◆ **Exercise requirements**
Every record below needs to be written out exactly, apart from the pictures.
---------- Given records
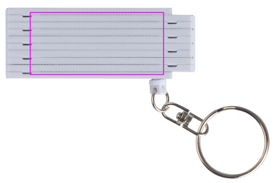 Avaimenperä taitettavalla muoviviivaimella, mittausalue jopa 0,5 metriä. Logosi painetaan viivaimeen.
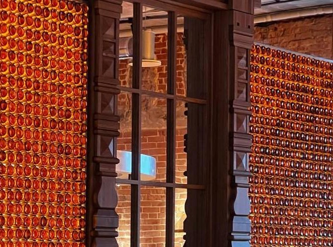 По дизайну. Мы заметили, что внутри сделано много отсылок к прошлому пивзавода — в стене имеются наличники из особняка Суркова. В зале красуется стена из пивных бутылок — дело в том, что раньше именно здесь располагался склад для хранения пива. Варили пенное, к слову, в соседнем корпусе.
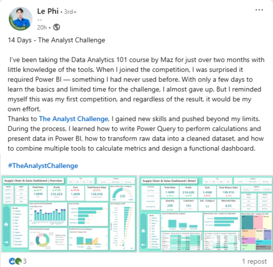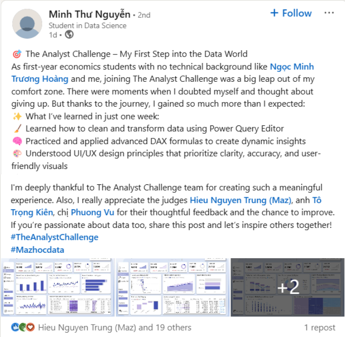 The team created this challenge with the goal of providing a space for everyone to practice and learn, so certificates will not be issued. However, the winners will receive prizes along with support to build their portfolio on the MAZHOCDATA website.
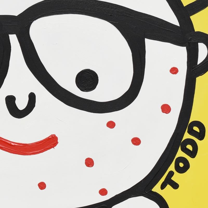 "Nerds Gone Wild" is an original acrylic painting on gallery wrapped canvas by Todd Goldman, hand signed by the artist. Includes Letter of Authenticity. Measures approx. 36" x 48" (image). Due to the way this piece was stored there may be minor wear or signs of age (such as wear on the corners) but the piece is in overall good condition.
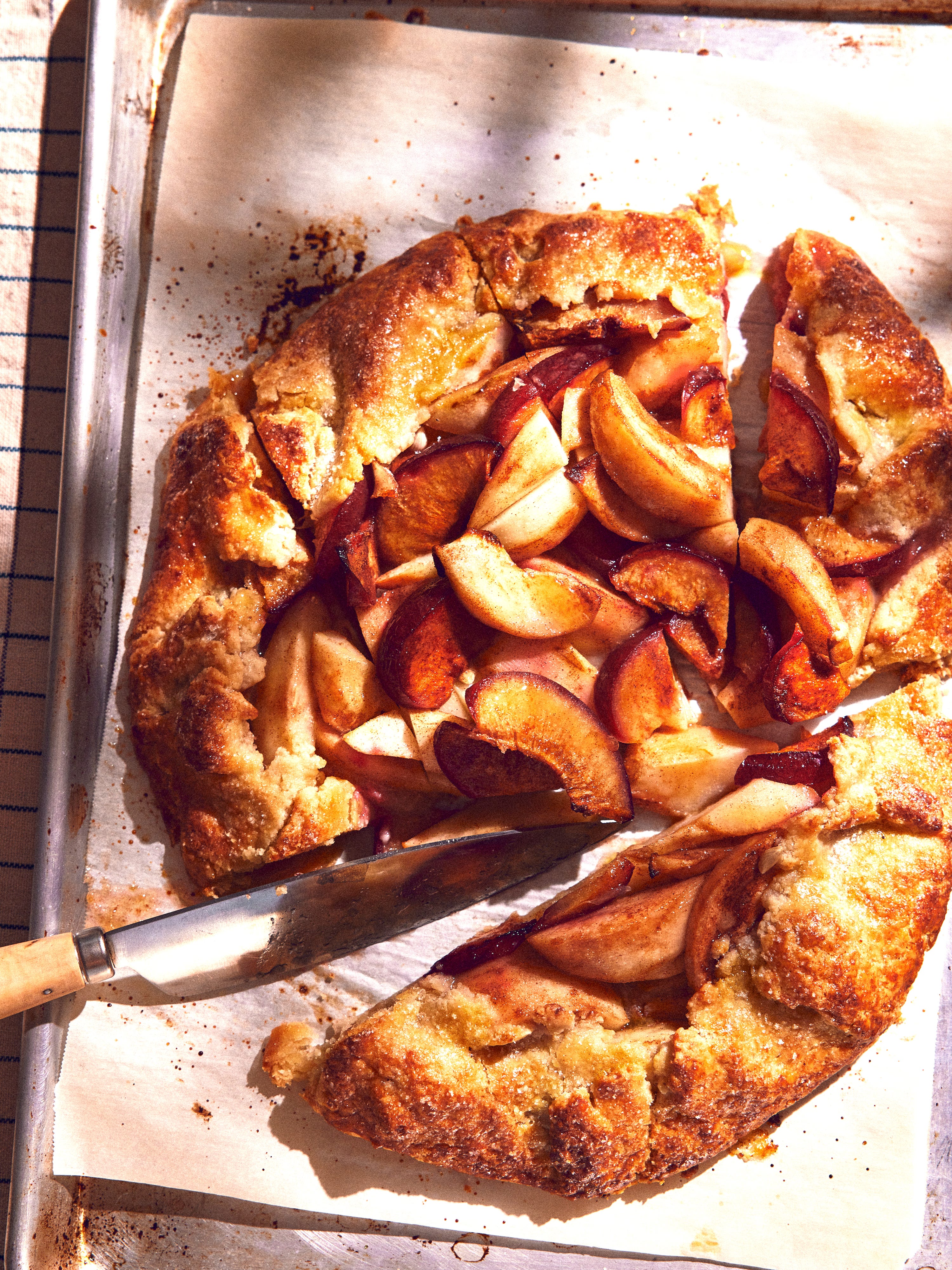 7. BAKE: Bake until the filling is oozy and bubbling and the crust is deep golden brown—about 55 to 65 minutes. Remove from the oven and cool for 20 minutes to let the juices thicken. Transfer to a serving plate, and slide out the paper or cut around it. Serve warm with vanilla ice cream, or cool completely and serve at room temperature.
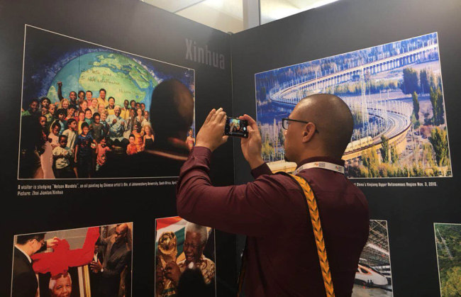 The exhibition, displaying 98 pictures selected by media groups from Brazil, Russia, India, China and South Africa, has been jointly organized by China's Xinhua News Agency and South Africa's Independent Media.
--------------------
◆ **Exercise solution**
 Avaimenperä taitettavalla muoviviivaimella, mittausalue jopa 0,5 metriä. Logosi painetaan viivaimeen.
 По дизайну. Мы заметили, что внутри сделано много отсылок к прошлому пивзавода — в стене имеются наличники из особняка Суркова. В зале красуется стена из пивных бутылок — дело в том, что раньше именно здесь располагался склад для хранения пива. Варили пенное, к слову, в соседнем корпусе.
 The team created this challenge with the goal of providing a space for everyone to practice and learn, so certificates will not be issued. However, the winners will receive prizes along with support to build their portfolio on the MAZHOCDATA website.
 "Nerds Gone Wild" is an original acrylic painting on gallery wrapped canvas by Todd Goldman, hand signed by the artist. Includes Letter of Authenticity. Measures approx. 36" x 48" (image). Due to the way this piece was stored there may be minor wear or signs of age (such as wear on the corners) but the piece is in overall good condition.
 7. BAKE: Bake until the filling is oozy and bubbling and the crust is deep golden brown—about 55 to 65 minutes. Remove from the oven and cool for 20 minutes to let the juices thicken. Transfer to a serving plate, and slide out the paper or cut around it. Serve warm with vanilla ice cream, or cool completely and serve at room temperature.
 The exhibition, displaying 98 pictures selected by media groups from Brazil, Russia, India, China and South Africa, has been jointly organized by China's Xinhua News Agency and South Africa's Independent Media.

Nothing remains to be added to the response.